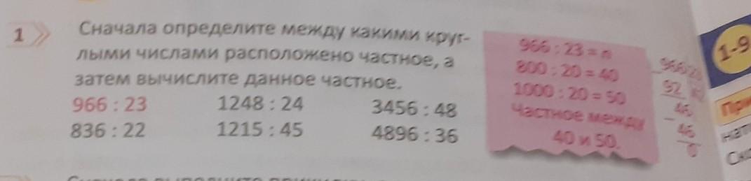 Сначала определите между какими круг- лыми числами расположено частное, а затем вычислите данное частное. 966:23 1248:24 3456:48 836:22 1215:45 4896:36 966: 23 = n 800:20 = 40 1000:20 = 50 Частное между 40 и 50. 9662 92 42 45 46 0
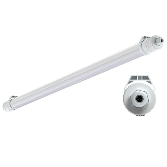 LED Rohrleuchte IP65 1.500mm mit einstellbarer Lichtfarbe, für Tiefgaragen, Parkhäuser, Kellerbereiche, Lager etc., robust und schlagfest bis 8J (IK10), 230V, mit Durchgangsverdrahtung, Gehäuse aus bruchsicherem Polycarbonat, IP65 für den Innen- und Außenbereich, inkl. Montageschellen, durchschnittliche Lebensdauer 50.000h, Lichtfarbe über DIP Schalter einstellbar – wahlweise warmweiß (3.000 Kelvin, 5.500 Lumen), neutralweiße Lichtfarbe (4.000 Kelvin, 5.880 Lumen) oder tageslichtweiß (6.000 Kelvin, 5.880 Lumen), 42 Watt Leistung, D-Ausführung (früher FF-Zeichen) auch für feuergefährdete Betriebsstätten gemäß DIN 0100, Maße: 1.500 x 51mm (L x D), fest eingebautes LED Leuchtmittel.
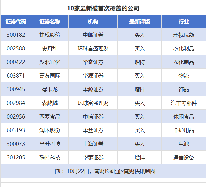 首次覆盖方面,10月22日券商共给出了10次首次覆盖,其中捷成股份获得中邮证券给予“买入”评级,史丹利获得环球富盛理财给予“买入”评级,湖北宜化获得华泰证券给予“增持”评级,嘉友国际、曼卡龙获得华源证券分别给予“买入”“增持”评级。
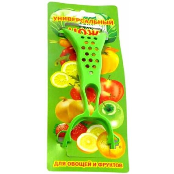 Материал: ручка-терка — пищевой пластик; лезвие — нержавеющая сталь; Тип лезвия: плавающее. Цвет: в ассортименте Индивидуальная упаковка: картонная подложка Универсальный нож для овощей и фруктов специально разработан для легкой очистки и нарезки. Благодаря своей функциональности, он намного быстрее и эффективнее очищает и нарезает фрукты и овощи. Например, одним ножом Вы можете очистить морковку, а другим нарезать ее для салата по-корейски. Быстро нашинковать капусту, очистить огурец или яблоко. Этот нож справится со любыми задачами.
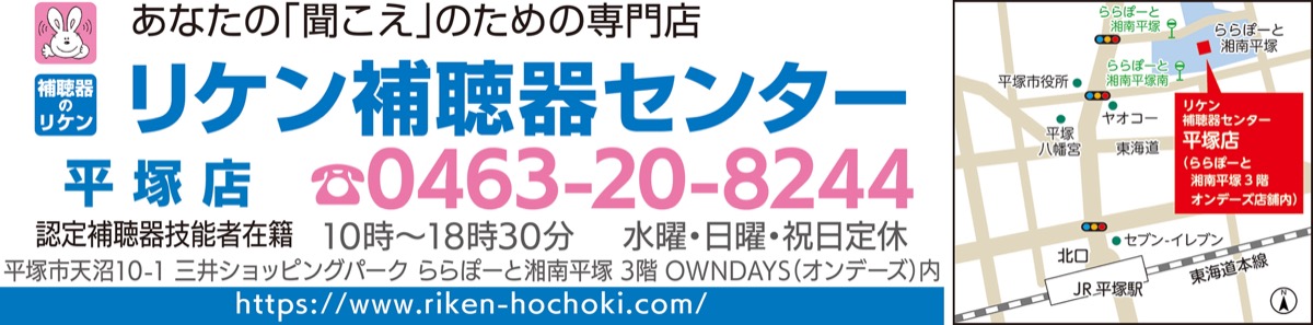 三井ショッピングパーク ららぽーと湘南平塚 3階OWNDAYS(オンデーズ)内にオープンしたばかりの『リケン補聴器センター平塚店』で補聴器の2週間無料貸し出しを実施中。「フォナック」「オーティコン」「スターキー」などの補聴器の装用体験ができる。最新のものから話題の充電式補聴器まで、様々な試聴が可能。「最適な補聴器を選ぶことができます」と同店。
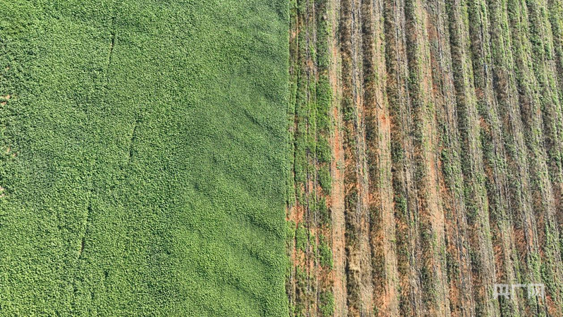 成熟的油菜與生長中的土地相映成趣(央廣網發 曹慧瓔 攝)
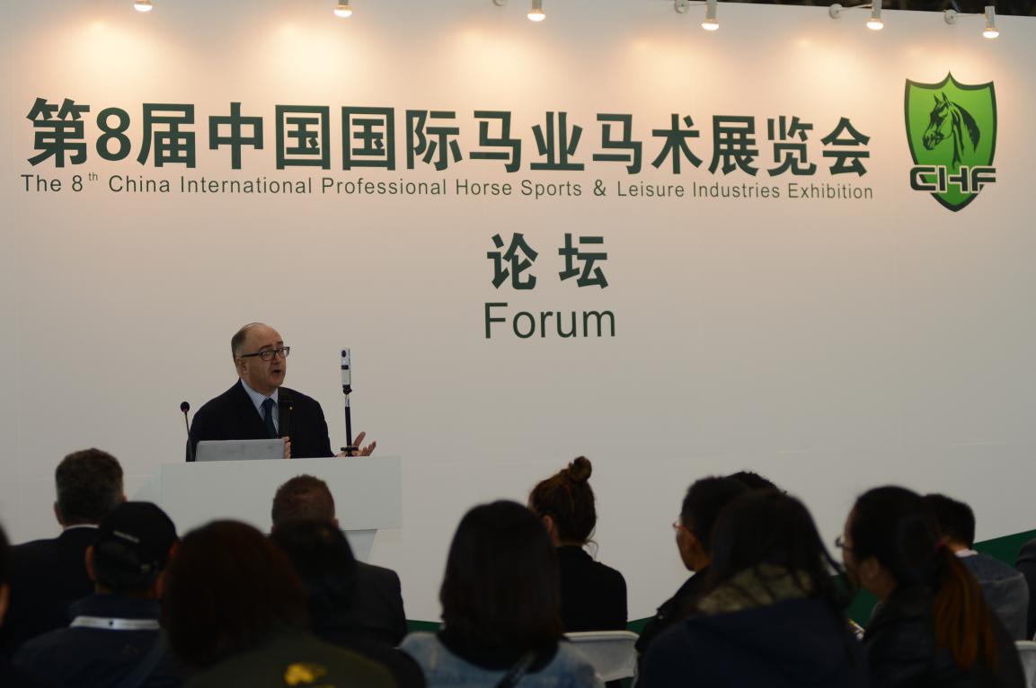 在展会现场的“论坛区”,来自德国、爱尔兰、法国、比利时和阿根廷的马业专家针对马匹的繁育和培训等问题进行了专题讲座,希望帮助国内的专业买家更多地了解到国外的最新产品并且学习到国外的先进技术。

------------

About this exercise:
Everything in the records should be repeated exactly except the images.

Output for this task:
 Сначала определите между какими круг- лыми числами расположено частное, а затем вычислите данное частное. 966:23 1248:24 3456:48 836:22 1215:45 4896:36 966: 23 = n 800:20 = 40 1000:20 = 50 Частное между 40 и 50. 9662 92 42 45 46 0
 LED Rohrleuchte IP65 1.500mm mit einstellbarer Lichtfarbe, für Tiefgaragen, Parkhäuser, Kellerbereiche, Lager etc., robust und schlagfest bis 8J (IK10), 230V, mit Durchgangsverdrahtung, Gehäuse aus bruchsicherem Polycarbonat, IP65 für den Innen- und Außenbereich, inkl. Montageschellen, durchschnittliche Lebensdauer 50.000h, Lichtfarbe über DIP Schalter einstellbar – wahlweise warmweiß (3.000 Kelvin, 5.500 Lumen), neutralweiße Lichtfarbe (4.000 Kelvin, 5.880 Lumen) oder tageslichtweiß (6.000 Kelvin, 5.880 Lumen), 42 Watt Leistung, D-Ausführung (früher FF-Zeichen) auch für feuergefährdete Betriebsstätten gemäß DIN 0100, Maße: 1.500 x 51mm (L x D), fest eingebautes LED Leuchtmittel.
 首次覆盖方面,10月22日券商共给出了10次首次覆盖,其中捷成股份获得中邮证券给予“买入”评级,史丹利获得环球富盛理财给予“买入”评级,湖北宜化获得华泰证券给予“增持”评级,嘉友国际、曼卡龙获得华源证券分别给予“买入”“增持”评级。
 Материал: ручка-терка — пищевой пластик; лезвие — нержавеющая сталь; Тип лезвия: плавающее. Цвет: в ассортименте Индивидуальная упаковка: картонная подложка Универсальный нож для овощей и фруктов специально разработан для легкой очистки и нарезки. Благодаря своей функциональности, он намного быстрее и эффективнее очищает и нарезает фрукты и овощи. Например, одним ножом Вы можете очистить морковку, а другим нарезать ее для салата по-корейски. Быстро нашинковать капусту, очистить огурец или яблоко. Этот нож справится со любыми задачами.
 三井ショッピングパーク ららぽーと湘南平塚 3階OWNDAYS(オンデーズ)内にオープンしたばかりの『リケン補聴器センター平塚店』で補聴器の2週間無料貸し出しを実施中。「フォナック」「オーティコン」「スターキー」などの補聴器の装用体験ができる。最新のものから話題の充電式補聴器まで、様々な試聴が可能。「最適な補聴器を選ぶことができます」と同店。
 成熟的油菜與生長中的土地相映成趣(央廣網發 曹慧瓔 攝)
 在展会现场的“论坛区”,来自德国、爱尔兰、法国、比利时和阿根廷的马业专家针对马匹的繁育和培训等问题进行了专题讲座,希望帮助国内的专业买家更多地了解到国外的最新产品并且学习到国外的先进技术。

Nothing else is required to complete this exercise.